Best Buy: Best Buy Gifted
La nota catena retail americana ha lanciato lo scorso Dicembre una altra interessante iniziativa sul suo canale Facebook. Ogni fan della pagina poteva nominare propri amici (max 6 per giorno) all’interno di determinate categorie quali musica, fotografia gaming, design, cucina e film. I più votati si sono aggiudicati un buono da 500 dollari mentre coloro che li han votati uno da 100. Un concept di questo tipo ha scatenato:
- Viralità: Il meccanismo ha il suo presupposto nel principio psicologico della reciprocità. Ogni essere umano, anche il meno incline al regalo, si sente in obbligo a fronte di uno ricevuto. E così il votante vorrà essere a sua volta votato dando vita ad una situazione altamente virale. Basta consultare uno dei tanti siti per vedere che isteria collettiva ha suscitato. Più nomine assegni, maggiori chance di essere nominato a tua volta ci saranno. E’ la dinamica alla base dei regali virtuali di grande successo nei social gaming e in altre comunity.

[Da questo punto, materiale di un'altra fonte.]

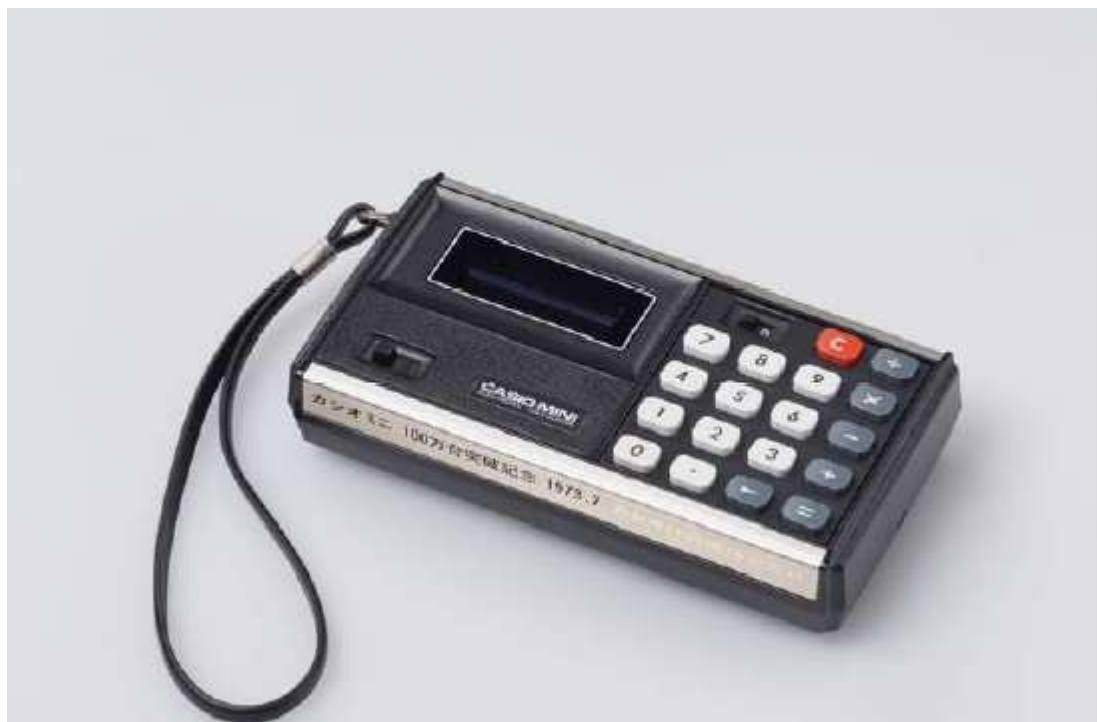
図表 6.2 カシオミニ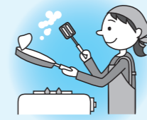
調理・買い物など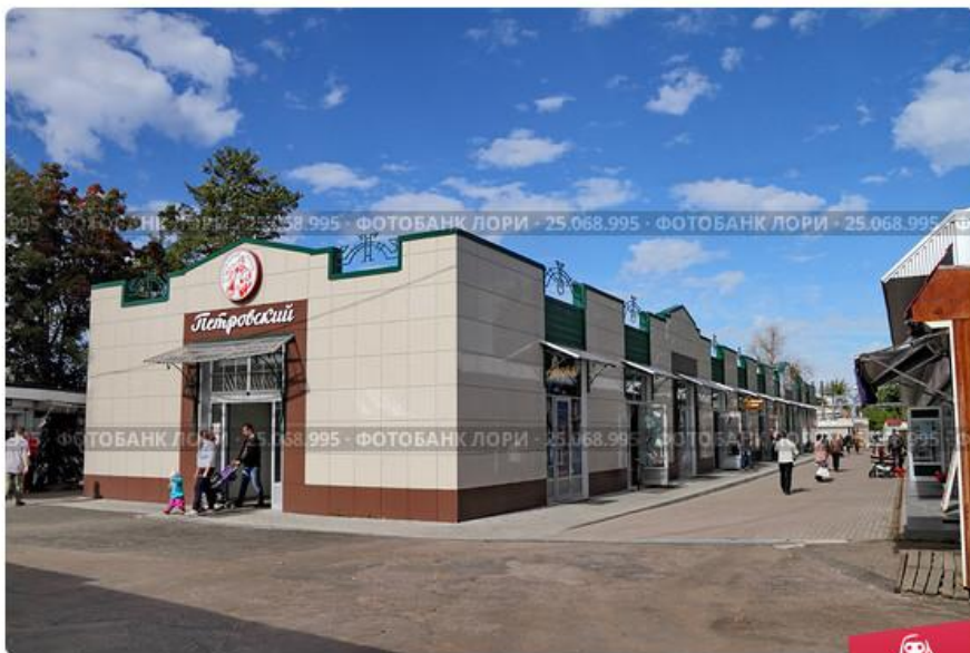
Псков. Торговый ряд "Петровский" Центрального рынка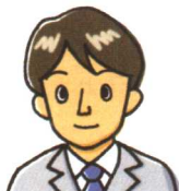
スタット スタット がいしゃいん 会社員 25さい 25歳・タイ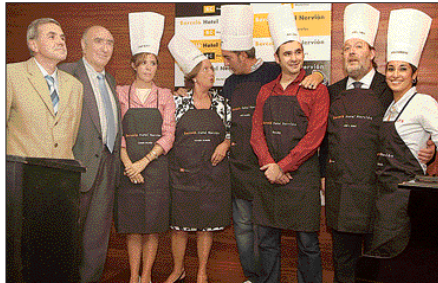
En el Barceló Nervión se inauguró 'Cocina vista'

- Free Lunch: E’ la dinamica in cui un giocatore viene premiato per azioni compiute da altri. In questo caso il vincitore dei 500 dollari è chi riceve la nomination, non ha giocato un ruolo diretto e fondamentale nell’assegnazione. Questo crea engagement loyalty e viralità ed un esempio su scala mass market lo offre giornalmente Groupon dove il raggiungimento del numero minimo di partecipanti abilita anche me all’ottenimento del coupon scontato.
Sono due piccoli esempi di come una buona strategia di social marketing possa beneficiare di meccaniche e dinamiche gaming per raggiungere i propri risultati.